The manager then made her own call to the police department to say it was not necessary to send officers to the store. But police arrived shortly after, saying they needed to investigate.

By the time the officers arrived, Florestal had paid for his costume and was preparing to leave. When the police began questioning Florestal and Alcius, they grew defensive, saying they'd done nothing wrong.

"You see I'm paying," Florestal says in a video he captured on his cell phone:
According to the cashier, one of the officers began patting down Florestal without warning and then accused him of resisting.

"I'm resisting what? What am I resisting?" Florestal can be heard saying.

After Florestal was dragged outside by three officers, the cashier handed Alcius the bag with Florestal's costume. As Alcius attempted to leave the store, he crossed paths with another officer. Surveillance video shows the two bumping shoulders, prompting the officer to hit Alcius in the head and grab his braids.

In Alcius' arrest report, police described that encounter as a battery by Alcius upon the officer.

"Bill Alcius did intentionally touch or strike Officer Raul Toledo and caused bodily harm to Officer Raul Toledo," the report says. "...Defendant Alcius while being escorted out of the store lowered his right shoulder and struck K9 Officer Toledo in the left side."
Nwahiri, the defense attorney representing Florestal, tells New Times he believes the officers pressured the Party City employees to write an account that would justify their use of force in arresting Florestal and Alcius.

"They have to justify their actions by getting these Party City employees to write a narrative that they forced their way into the store," Nwahiri says.

Alcius told New Times back in 2019 that he believed the case was an example of "shopping while Black," a phrase used to describe the way Black people are surveilled and regarded with suspicion while simply trying to shop like any other customer.

"I felt racially profiled," Alcius said.

Nwahiri believes the two men were racially profiled by the customer picking up balloons, which in turn led to the encounter that escalated with police.

"It's definitely a situation of shopping while Black," he says. "It's a perfect, clear example."

While prosecutors have dismissed the charges in Florestal's case, Nwahiri is still working to clear Alcius' record. In November 2019, Alcius, who faced the more serious battery charge, pleaded no contest to the trespassing charge in a deal with prosecutors, who agreed to dismiss the charges of battery and resisting arrest. He was sentenced to a year of probation.

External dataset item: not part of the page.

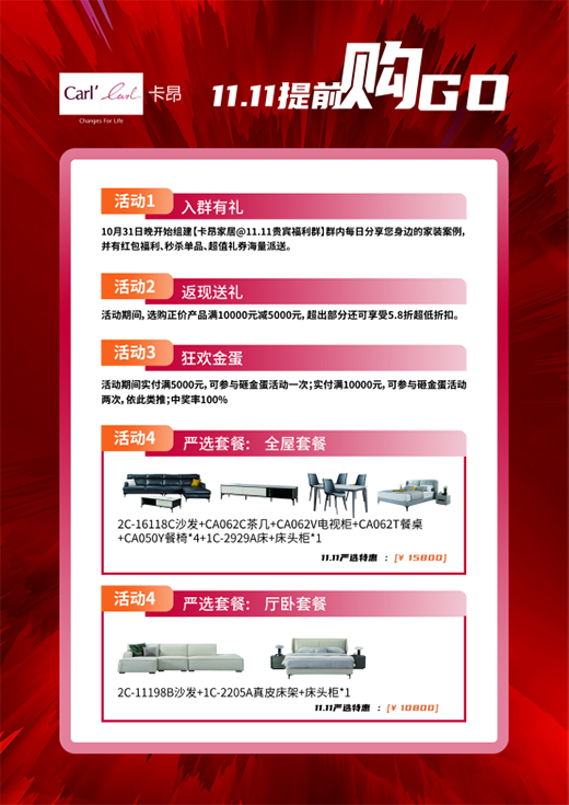 10月31日晚開始組建【卡昂家居@11.11貴賓福利群】群內(nèi)每日分享您身邊的家裝案例,并有紅包福利、秒殺單品、超值禮券海量派送。
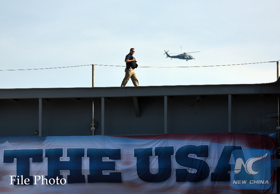 A soldier patrols on USS Gerald R. Ford before its commissioning ceremony at Naval Station Norfolk, Virginia, the United States, on July 22, 2017. (Xinhua/Yin Bogu)

Nwahiri says he's in the process of reopening Alcius' case in order to have it dismissed altogether.

Although the case is no longer weighing on Florestal, Nwahiri says the charges loomed large for his client over the past two years.

"To be facing jail time for something that you know you didn't do and then [have] all the evidence to be drafted to say that you actually did something — that's taken a toll on my client," Nwahiri says.

In this case, the attorney says, he's thankful there were videos that depicted the incident and a witness with the courage to eventually tell the truth.

"[Florestal] came to me and he said he didn't do it, and I had to do everything I can to make sure we can prove that," Nwahiri says. "I'm lucky we were successful in that."